## [Records shown]
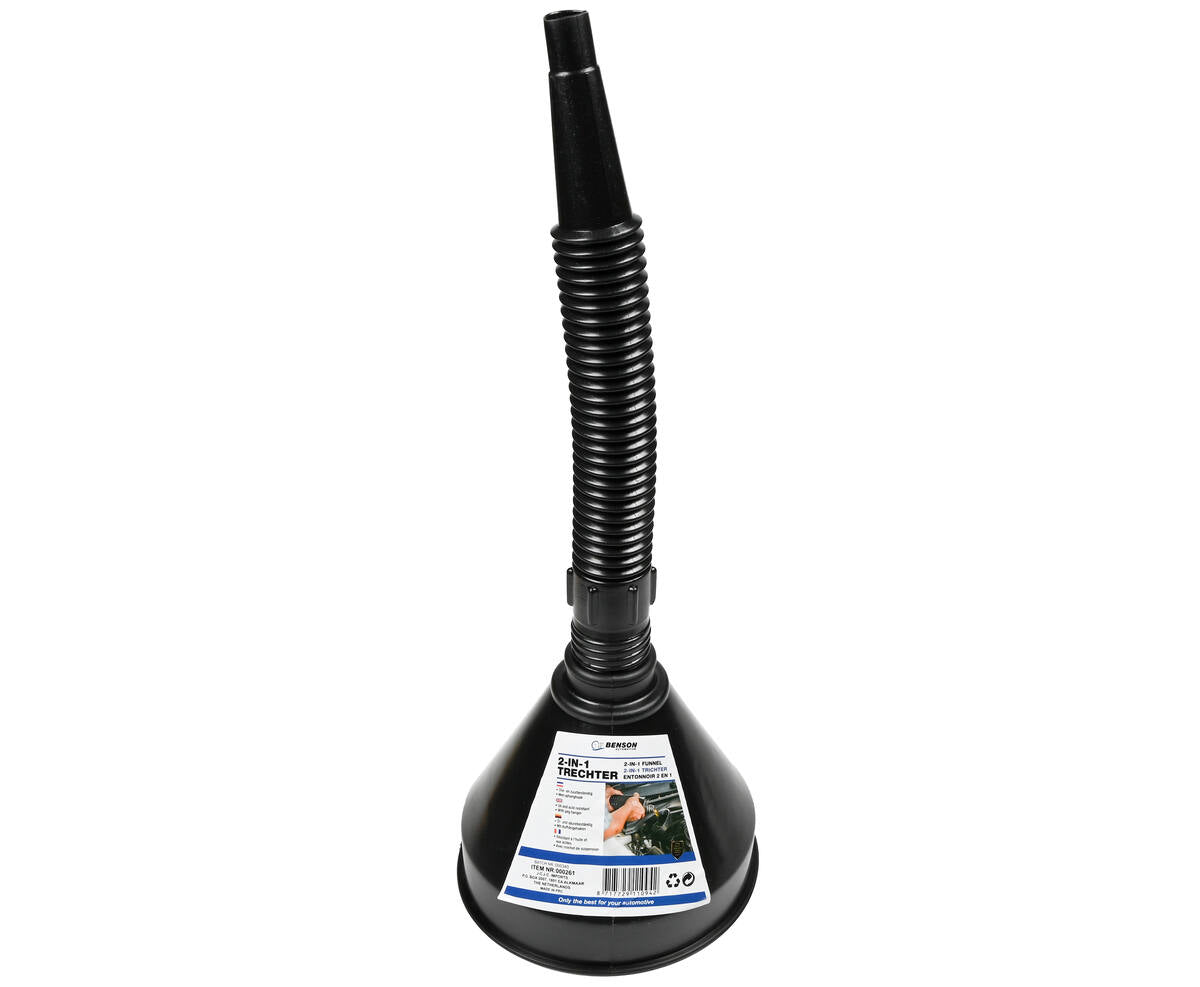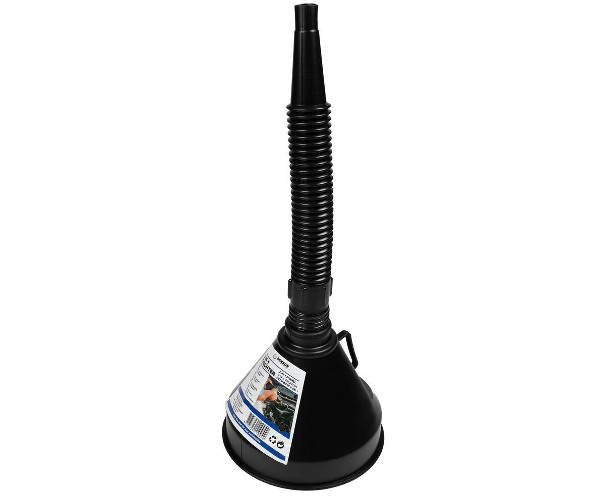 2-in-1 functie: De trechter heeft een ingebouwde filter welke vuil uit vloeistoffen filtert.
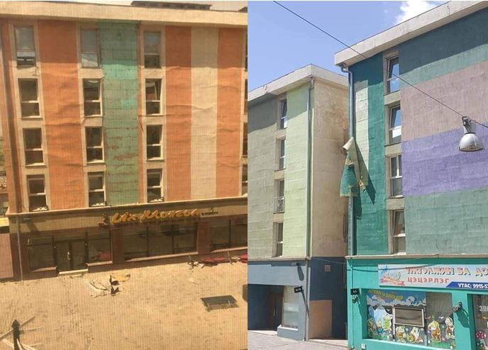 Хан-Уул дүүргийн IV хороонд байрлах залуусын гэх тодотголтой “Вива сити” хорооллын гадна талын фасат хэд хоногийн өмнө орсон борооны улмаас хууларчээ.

--

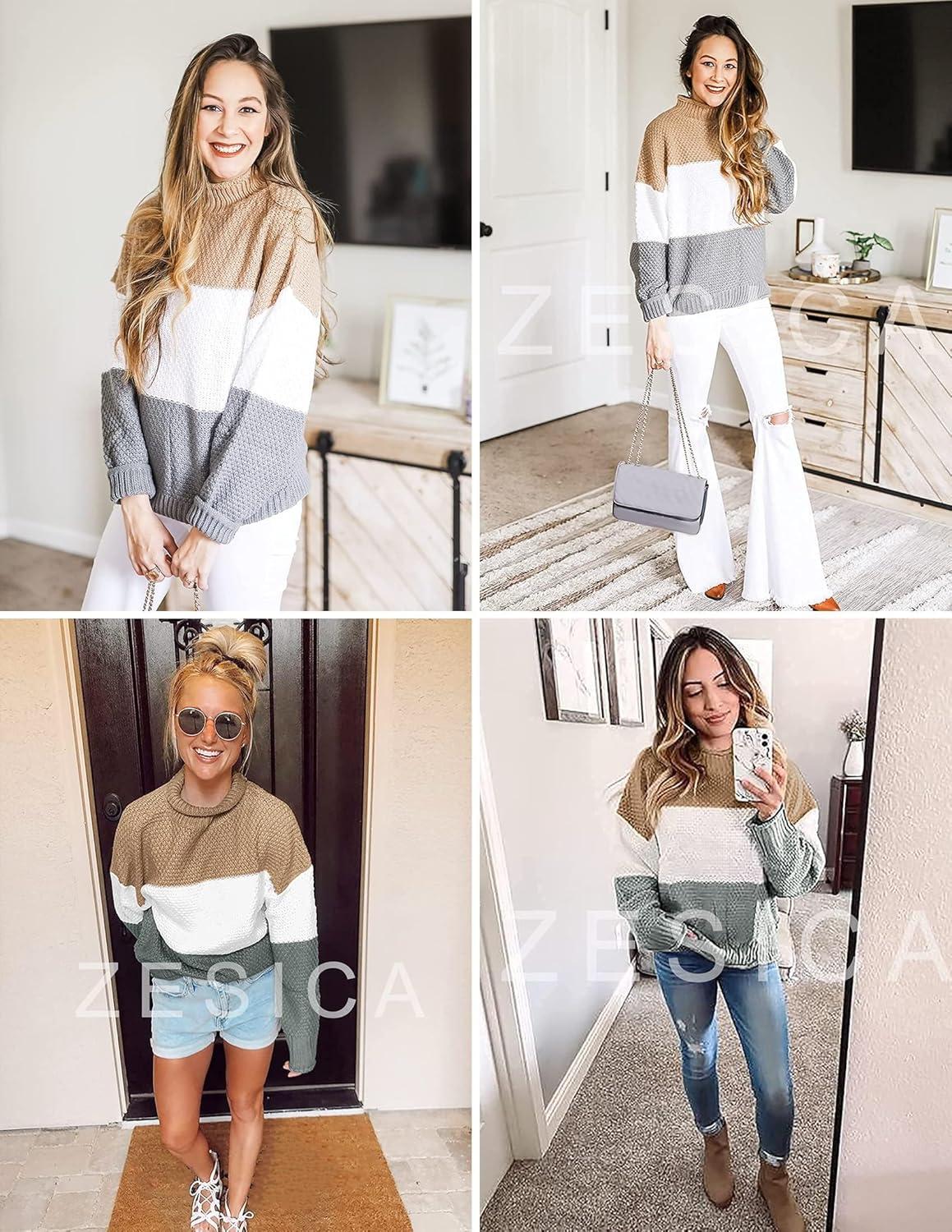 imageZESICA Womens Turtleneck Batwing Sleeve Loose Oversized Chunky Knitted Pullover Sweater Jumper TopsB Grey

## [Assignment]
Everything above from the line that has "2-in-1 functie: De" down to the line that has "Хан-Уул дүүргийн IV" should be output exactly, with both of those lines included. Leave the pictures behind.

## [Your response]
 2-in-1 functie: De trechter heeft een ingebouwde filter welke vuil uit vloeistoffen filtert.
 Хан-Уул дүүргийн IV хороонд байрлах залуусын гэх тодотголтой “Вива сити” хорооллын гадна талын фасат хэд хоногийн өмнө орсон борооны улмаас хууларчээ.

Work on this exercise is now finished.